DATASET EXTRACT:
○ ○ ○ ○ ○

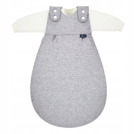Тканина Baby-Mäxchen® Sepcial, виготовлена зі зручного м’якого бавовняного трикотажу, складається, як і всі Alvi Baby-Mäxchen®, із трьох спальних мішків: злегка посиленого зовнішнього спального мішка подвійного розміру із застібкою-блискавкою по периметру та двох внутрішніх спальних мішків. сумки з довгими рукавами і манжетами трикотажні. Інтелектуальну систему можна адаптувати до будь-якої температури: у спекотні літні ночі внутрішній спальний мішок також можна використовувати окремо.
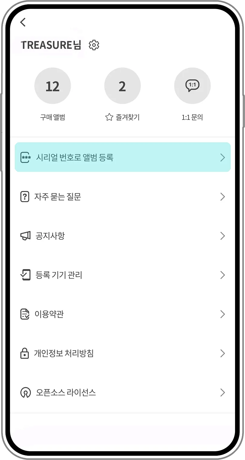 시리얼 번호로 앨범을 등록하는 방법을 안내해 드립니다.
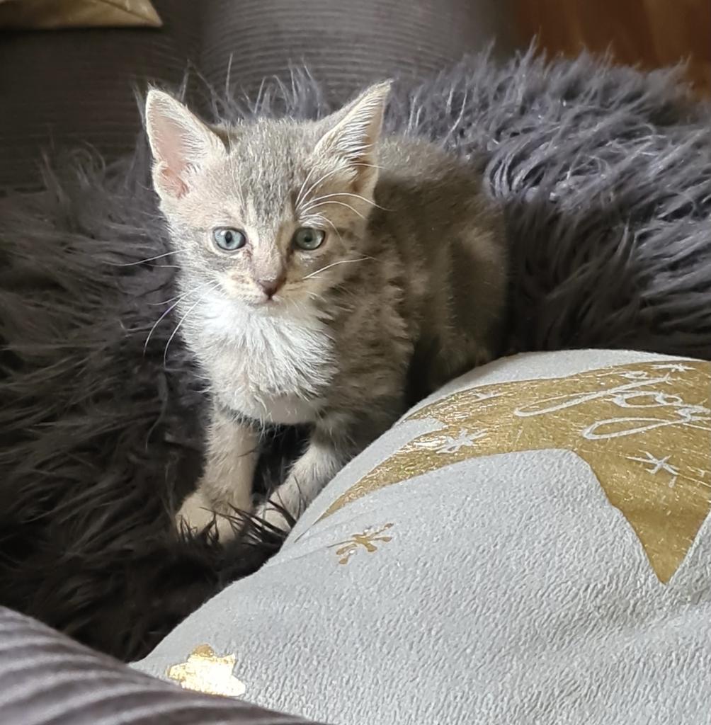 You could describe me with three C's: I'm cuddly, curious and courageous. I've also lived with some other cats (one of them is a weird slobbery thing that the humans call a dog, I'm not too sure what type of cat that is!) And I've had no issues at all, so potentially I would fit in well with your other furry family members. I'm only 8 weeks old so I have a lot of purrsonality that will be appearing soon, so why not take me home and witness me grow into the cutest kitty ever!
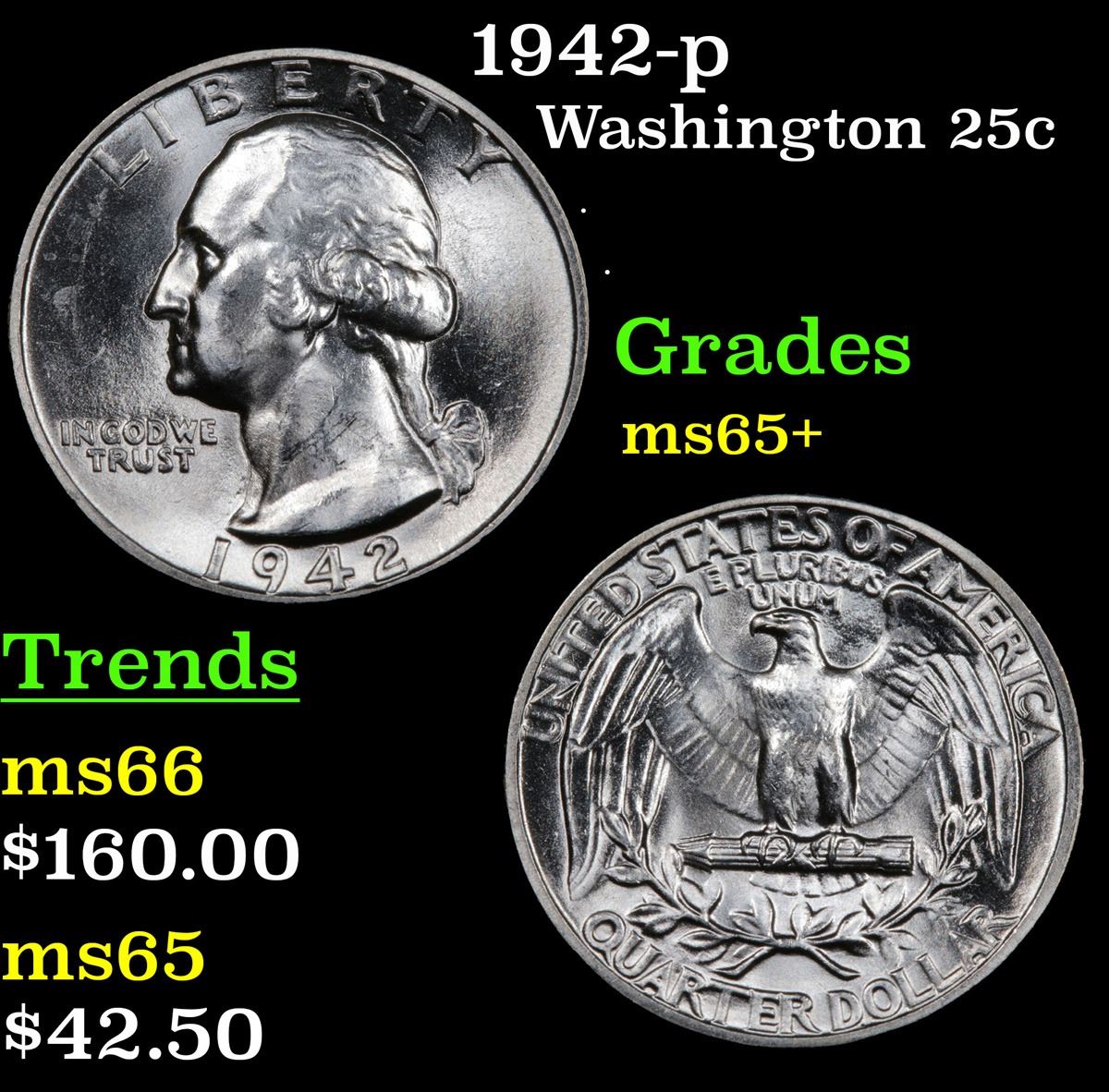 1942-p Washington Quarter 25c Grades GEM+ Unc.

○ ○ ○ ○ ○

Your task is to copy only the lines above starting at the one containing "시리얼 번호로 앨범을 등록하는 방법을 안내해 드립니다." and ending at the one containing "You could describe". Copy them exactly, both ends included, and omit the pictures.

 시리얼 번호로 앨범을 등록하는 방법을 안내해 드립니다.
 You could describe me with three C's: I'm cuddly, curious and courageous. I've also lived with some other cats (one of them is a weird slobbery thing that the humans call a dog, I'm not too sure what type of cat that is!) And I've had no issues at all, so potentially I would fit in well with your other furry family members. I'm only 8 weeks old so I have a lot of purrsonality that will be appearing soon, so why not take me home and witness me grow into the cutest kitty ever!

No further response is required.